**Work instruction:**
Write the data out in full and word for word. Do not include images.

**Raw data:**
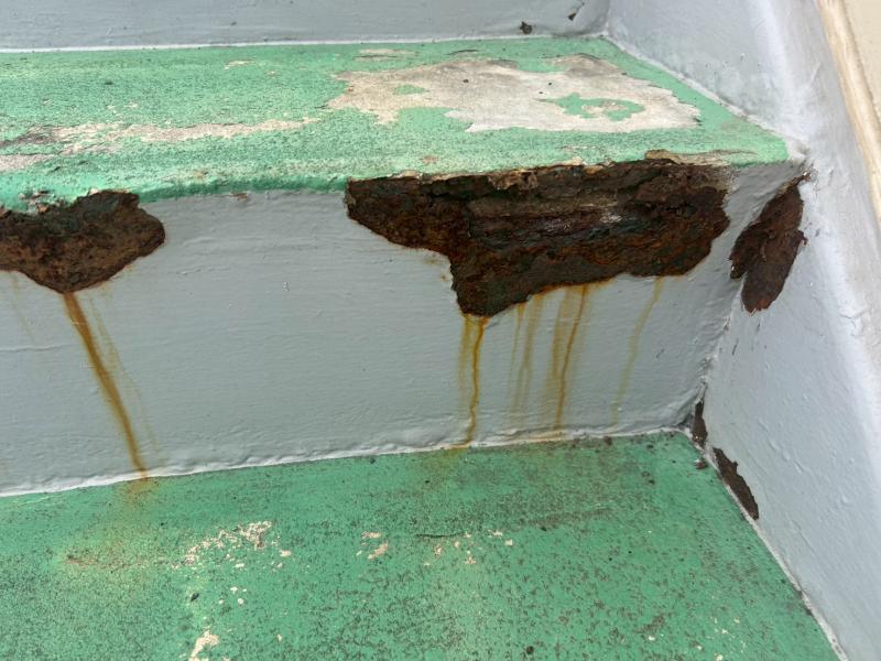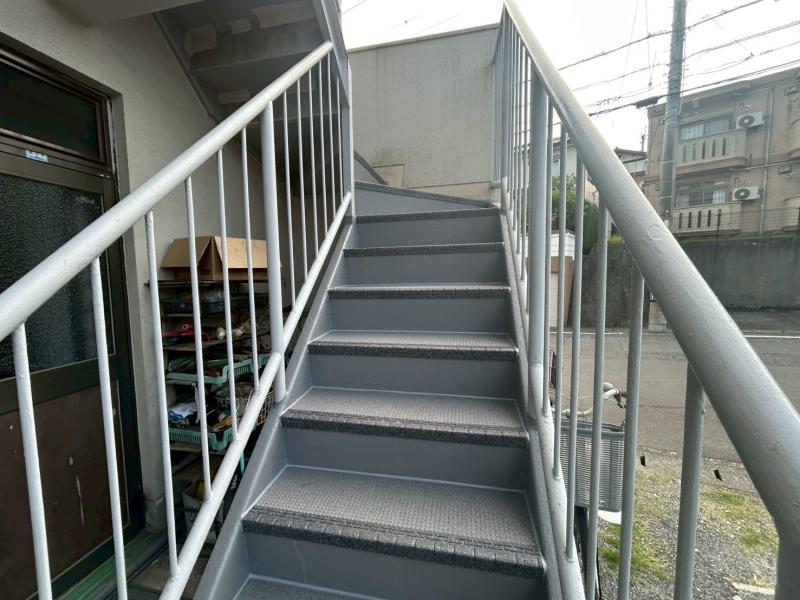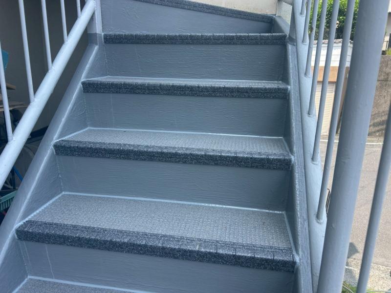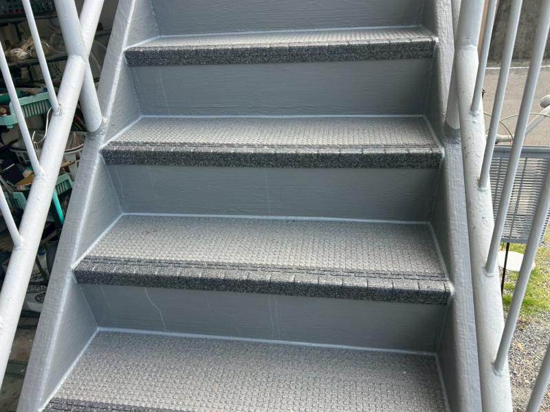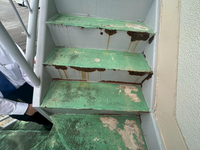 特に階段の蹴込み部分には広範囲にわたって錆が発生し、鉄部の腐食が著しく進んでいる状態でした。
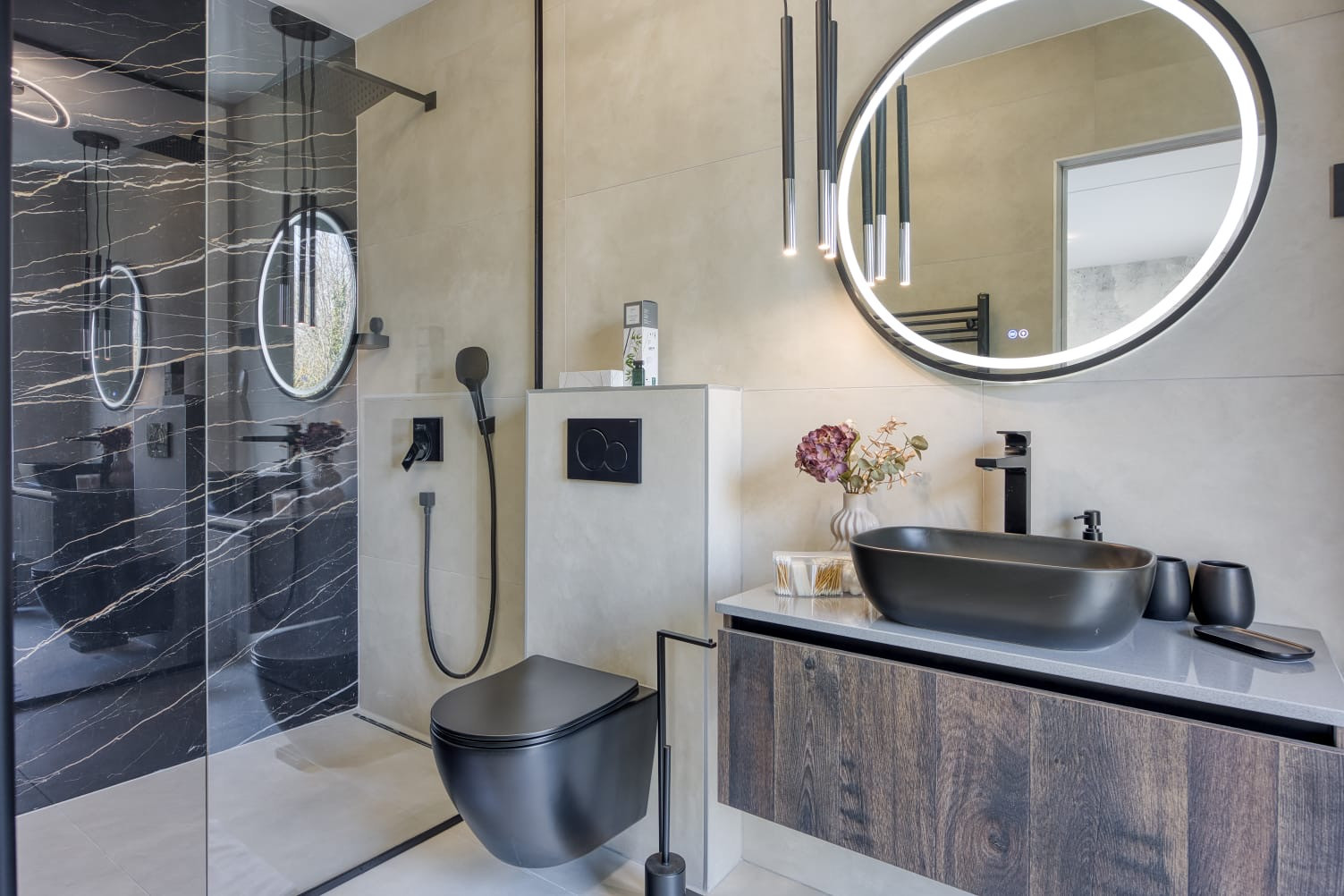 The villa accommodates up to 8 guests and features 4 elegant bedrooms on the first floor, each furnished with a double bed and a private en-suite bathroom with a shower, ensuring comfort and privacy for every guest. On the ground floor there is an additional separate guest WC.
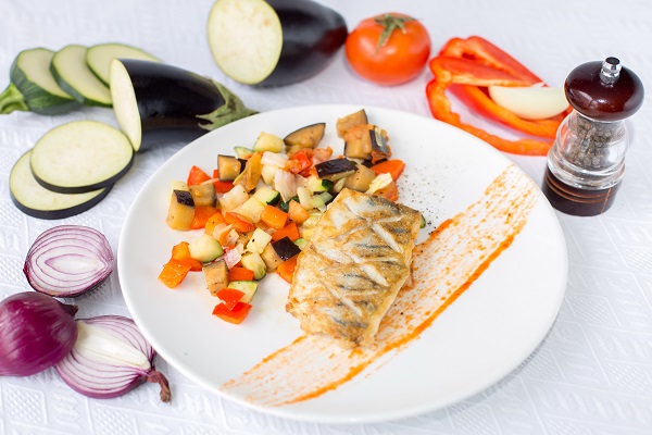 В те дни, когда допускается есть рыбу, постящиеся могут побаловать себя блюдом «Судак с рататуем». Это нежное филе судака, деликатно обжаренное на гриле с гарниром из овощного рататуя и томатным соусом.

**Task answer:**
 特に階段の蹴込み部分には広範囲にわたって錆が発生し、鉄部の腐食が著しく進んでいる状態でした。
 The villa accommodates up to 8 guests and features 4 elegant bedrooms on the first floor, each furnished with a double bed and a private en-suite bathroom with a shower, ensuring comfort and privacy for every guest. On the ground floor there is an additional separate guest WC.
 В те дни, когда допускается есть рыбу, постящиеся могут побаловать себя блюдом «Судак с рататуем». Это нежное филе судака, деликатно обжаренное на гриле с гарниром из овощного рататуя и томатным соусом.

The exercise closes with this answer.